> _Task item_
From the line containing "土壌や水はけ、気候などハウス" down to the line containing "an everyday essential", copy out the entries below exactly, both lines included, and nothing else; pictures do not belong in the copy.

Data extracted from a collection

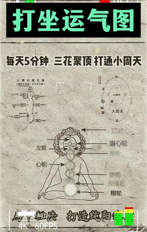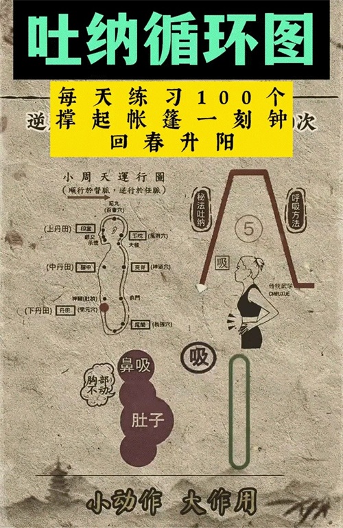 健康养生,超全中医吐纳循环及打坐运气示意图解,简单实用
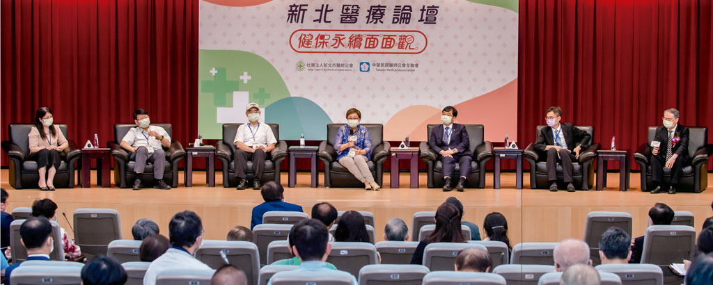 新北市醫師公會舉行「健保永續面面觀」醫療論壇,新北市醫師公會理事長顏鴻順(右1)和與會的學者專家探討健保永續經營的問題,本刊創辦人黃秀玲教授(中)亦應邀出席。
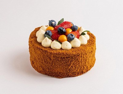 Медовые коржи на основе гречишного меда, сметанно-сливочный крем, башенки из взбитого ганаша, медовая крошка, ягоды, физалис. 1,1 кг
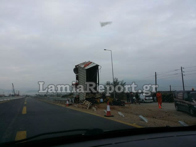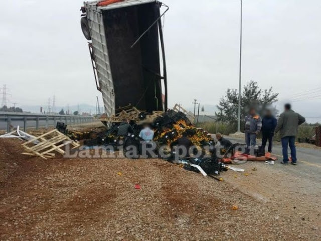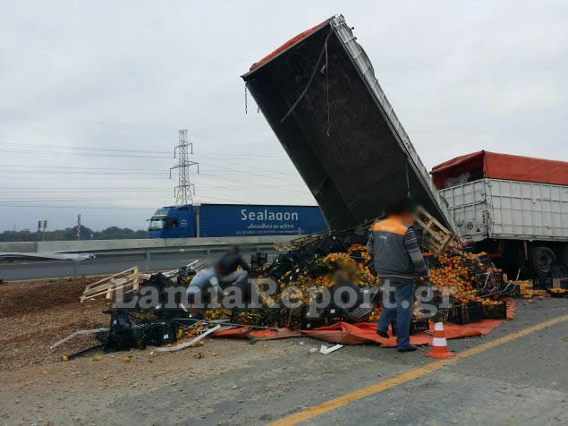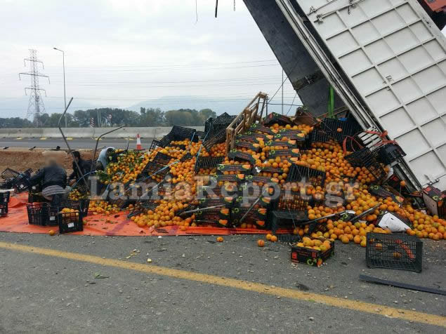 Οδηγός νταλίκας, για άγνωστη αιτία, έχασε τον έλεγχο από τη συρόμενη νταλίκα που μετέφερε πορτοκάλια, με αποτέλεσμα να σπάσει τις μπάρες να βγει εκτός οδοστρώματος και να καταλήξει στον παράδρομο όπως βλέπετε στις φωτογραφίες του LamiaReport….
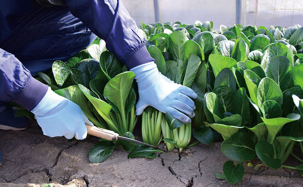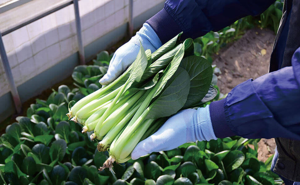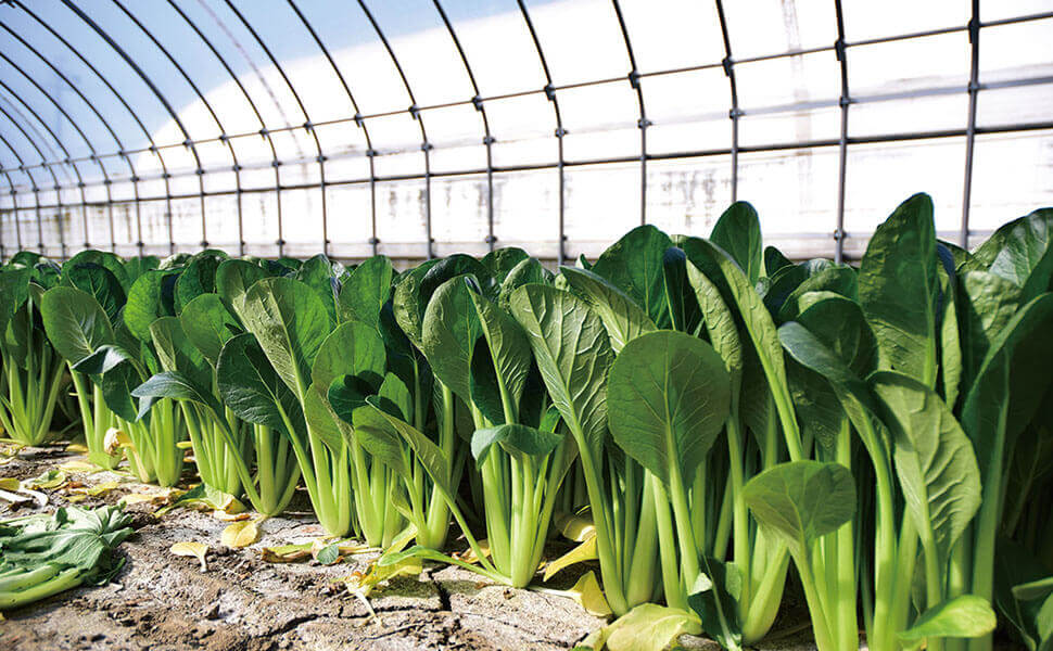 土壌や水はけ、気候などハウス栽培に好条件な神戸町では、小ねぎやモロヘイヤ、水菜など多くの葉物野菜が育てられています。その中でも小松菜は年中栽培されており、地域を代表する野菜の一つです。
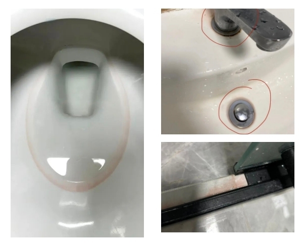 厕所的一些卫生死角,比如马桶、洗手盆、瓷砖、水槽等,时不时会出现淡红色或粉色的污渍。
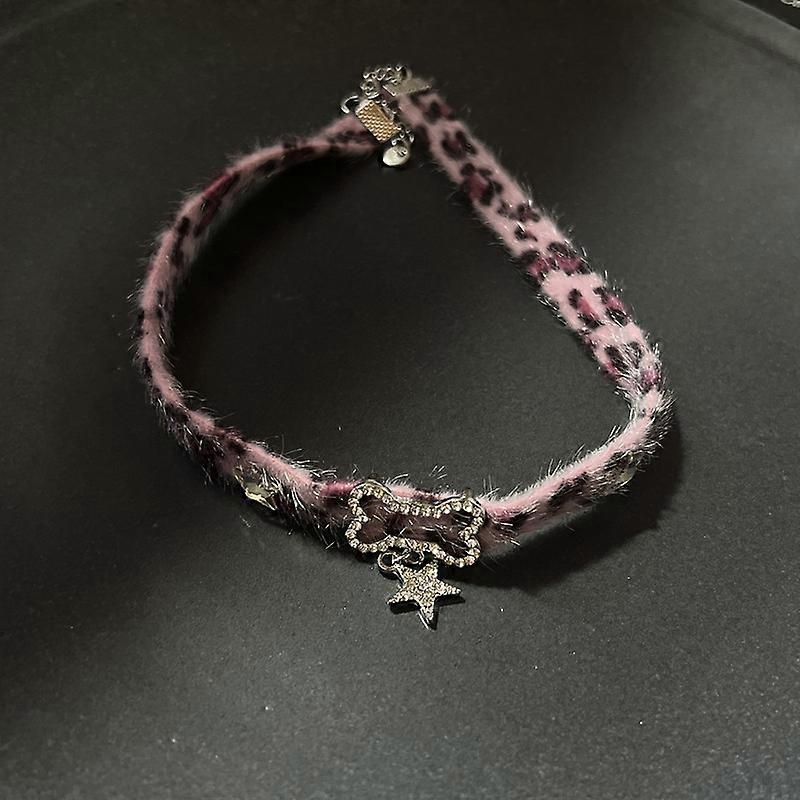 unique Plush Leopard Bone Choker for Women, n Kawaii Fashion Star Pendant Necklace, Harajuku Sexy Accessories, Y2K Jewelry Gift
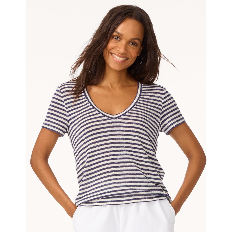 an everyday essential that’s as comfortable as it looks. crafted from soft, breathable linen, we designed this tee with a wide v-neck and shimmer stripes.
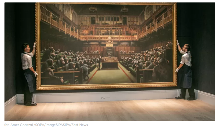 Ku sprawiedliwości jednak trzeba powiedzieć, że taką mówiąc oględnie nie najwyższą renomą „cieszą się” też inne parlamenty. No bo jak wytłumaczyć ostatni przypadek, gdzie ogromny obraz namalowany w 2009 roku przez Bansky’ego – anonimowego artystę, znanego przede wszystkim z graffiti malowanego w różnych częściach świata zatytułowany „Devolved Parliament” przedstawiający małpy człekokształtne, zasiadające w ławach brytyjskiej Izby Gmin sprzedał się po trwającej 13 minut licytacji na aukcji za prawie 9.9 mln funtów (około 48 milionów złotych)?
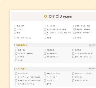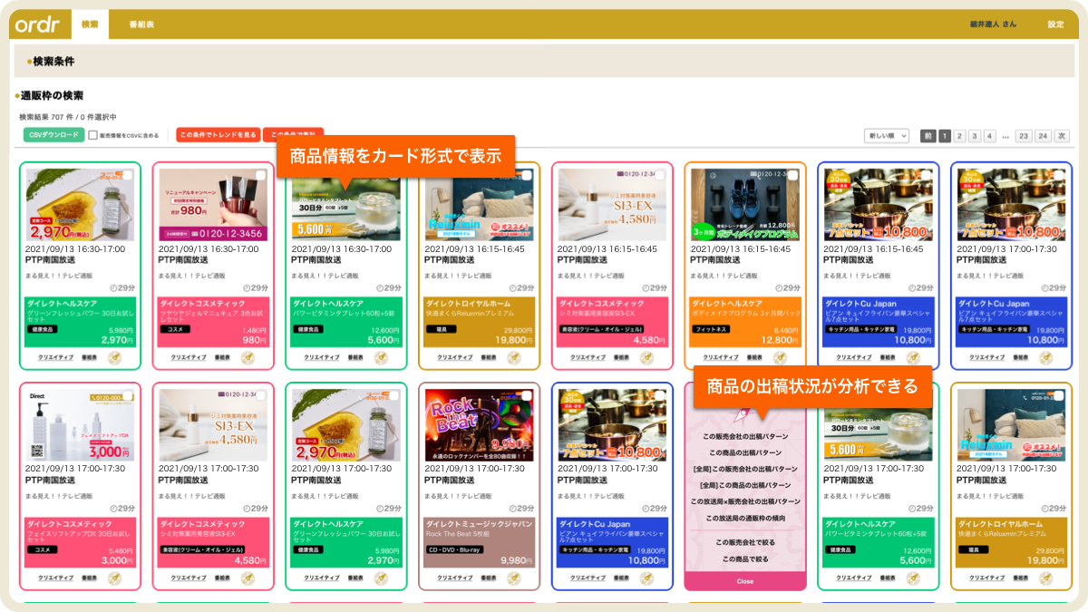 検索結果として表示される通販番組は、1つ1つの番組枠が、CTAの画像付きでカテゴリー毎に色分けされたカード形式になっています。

> _Result_
 土壌や水はけ、気候などハウス栽培に好条件な神戸町では、小ねぎやモロヘイヤ、水菜など多くの葉物野菜が育てられています。その中でも小松菜は年中栽培されており、地域を代表する野菜の一つです。
 厕所的一些卫生死角,比如马桶、洗手盆、瓷砖、水槽等,时不时会出现淡红色或粉色的污渍。
 unique Plush Leopard Bone Choker for Women, n Kawaii Fashion Star Pendant Necklace, Harajuku Sexy Accessories, Y2K Jewelry Gift
 an everyday essential that’s as comfortable as it looks. crafted from soft, breathable linen, we designed this tee with a wide v-neck and shimmer stripes.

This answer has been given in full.